You are considered an investor, and not a trader, if your activity does not meet the above definition of a business. It does
not matter whether you
call yourself a trader or a “day trader.”
Like an investor, a trader must report each sale of securities (taking into account commissions and any other costs of acquiring
or disposing of
the securities) on Schedule D or D-1 or on an attached statement containing all the same information for each sale in a similar
format. However, if a
trader previously made the mark-to-market election (see below), each transaction is reported in Part II of Form 4797 instead
of Schedules D and D-1.
Regardless of whether a trader reports his or her gains and losses on Schedules D and D-1 or Form 4797, the gain or loss from
the disposition of
securities is not taken into account when figuring net earnings from self-employment on Schedule SE. See the Instructions
for Schedule SE for an
exception that applies to section 1256 contracts.

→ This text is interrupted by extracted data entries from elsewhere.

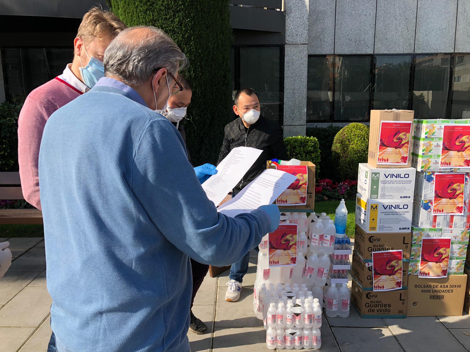 Entre el material cedit per la comunitat xinesa hi ha ampolles d’alcohol sanitari, mascaretes, guants i tovalloletes higièniques.
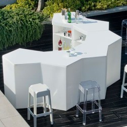 Le bar "ICEBERG", dont la forme constitue un double pentagone, est modulable à l'infini en accollant plusieurs bars les uns à côté des autres pour composer des formes diverses de dimensions...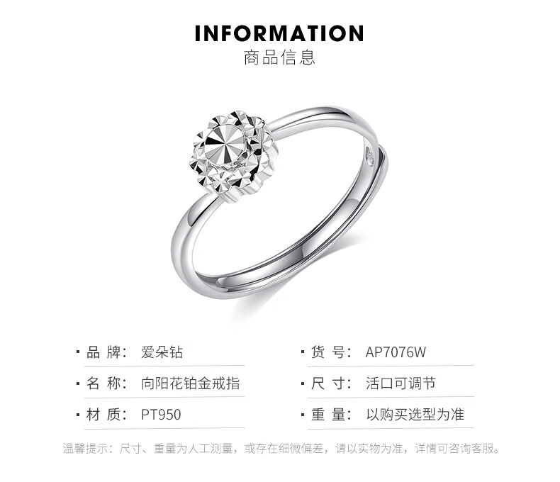 Aido Diamond pt950 platinum ring, fashionable platinum sunflower ring, adjustable gift for girlfriend, weight 2.6-2.8 grams + delivery certificate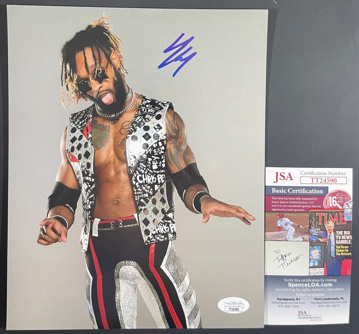Professionally printed 8×10 photo, hand signed by former Impact Wrestling X Division Champion, Bullet Club member Chris Bey. This is a clean, well placed signature that really pops off of this crisp, professionally printed 8×10 photo. Item has been authenticated by James Spence Authentications and includes the JSA Certificate Of Authenticity card.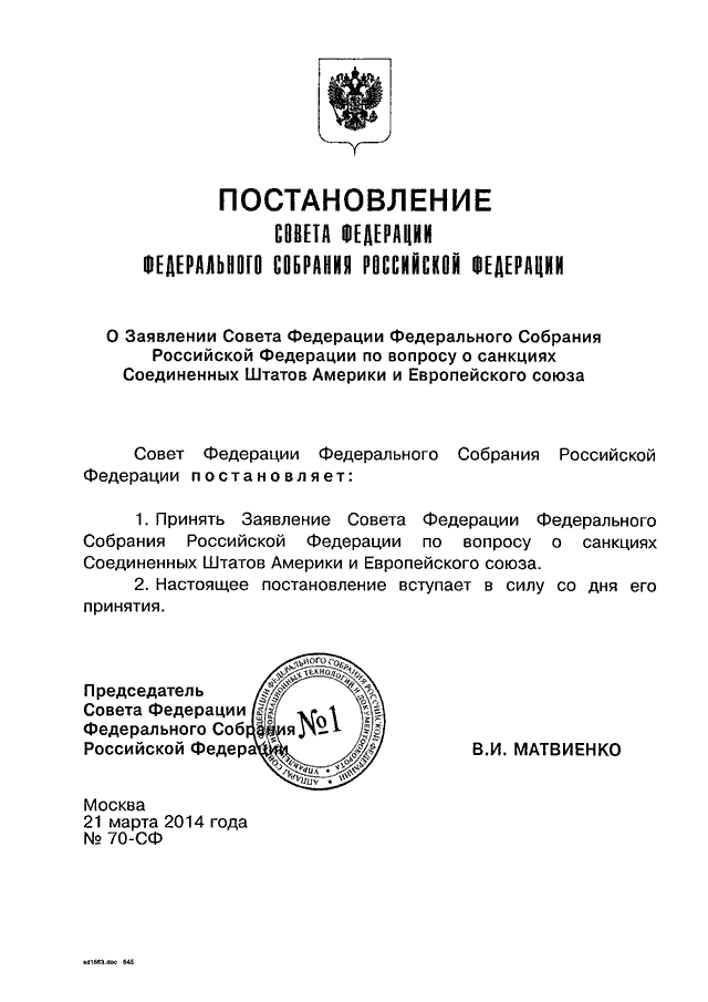 "О ЗАЯВЛЕНИИ СОВЕТА ФЕДЕРАЦИИ ФЕДЕРАЛЬНОГО СОБРАНИЯ РОССИЙСКОЙ ФЕДЕРАЦИИ ПО ВОПРОСУ О САНКЦИЯХ СОЕДИНЕННЫХ ШТАТОВ АМЕРИКИ И ЕВРОПЕЙСКОГО СОЮЗА"
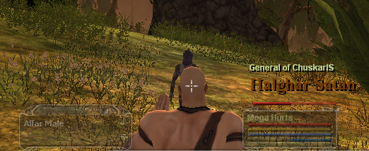 In the following picture I have my crosshairs on another player, and I can see their rank, the clan they belong to, their name, and their health. The target info window tells me that the other player is an Alfar Male, in case I had not noticed.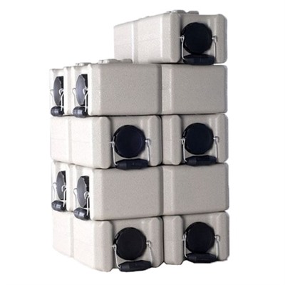 WaterBrick Stackable Water Containers and Food Storage Container: 3.5 Gallons of Liquids or up to 27 Pounds (264 Adult Servings) of Dry Foods. Made of rugged, high density polyethylene (HDPE) with an easy grip comfort handle. These unique water containers, unlike any other, can also hold food and other life essentials while adding value by cross stacking up to 4 feet for maximum efficient storage. Wide diameter lid opening with notched easy grip lid allows for an average adult to pull stored contents out of the container by hand. Spigots not included. Ventless Spigot Assembly: Both sizes accept ventless spigot for easy access. Spigot unit simply replaces lid, and is sold separately. Not for storage of flammable liquids. Big Book Catalog, Issue:68, Page:556

The limitation on investment interest expense that applies to investors does not apply to interest paid or incurred in a trading
business. A trader
reports interest expense and other expenses (excluding commissions and other costs of acquiring or disposing of securities)
from a trading business on
Schedule C (instead of Schedule A).
A trader also may hold securities for investment. The rules for investors generally will apply to those securities. Allocate
interest and other
expenses between your trading business and your investment securities.
Mark-To-Market Election for Traders
A trader may make an election under section 475(f) to report all gains and losses from securities held in connection with
a trading business as
ordinary income (or loss), including those from securities held at the end of the year. Securities held at the end of the
year are “marked to
market” by treating them as if they were sold (and reacquired) for fair market value on the last business day of the year. Generally,
the election
must be made by the due date (not including extensions) of the tax return for the year prior to the year for which the election
becomes effective. To
be effective for 2006, the election must have been made by
April 17, 2006 (April 18, 2006 if you lived in Maine, Maryland, Massachusetts, New Hampshire, New York, Vermont, or the District
of Columbia).
Starting with the year the election becomes effective, a trader reports all gains and losses from securities held in connection
with the trading
business, including securities held at the end of the year, in Part II of Form 4797. If you previously made the election,
see the Instructions for
Form 4797. For details on making the mark-to-market election for 2007, see Pub. 550 or Rev. Proc. 99-17, 1999-1 C.B. 503.
You can find Rev. Proc.
99-17 on page 52 of Internal Revenue Bulletin 1999-7 at
www.irs.gov/pub/irs-irbs/irb99-07.pdf.
If you hold securities for investment, you must identify them as such in your records on the day you acquired them (for example,
by holding the
securities in a separate brokerage account). Securities held for investment are not marked-to-market.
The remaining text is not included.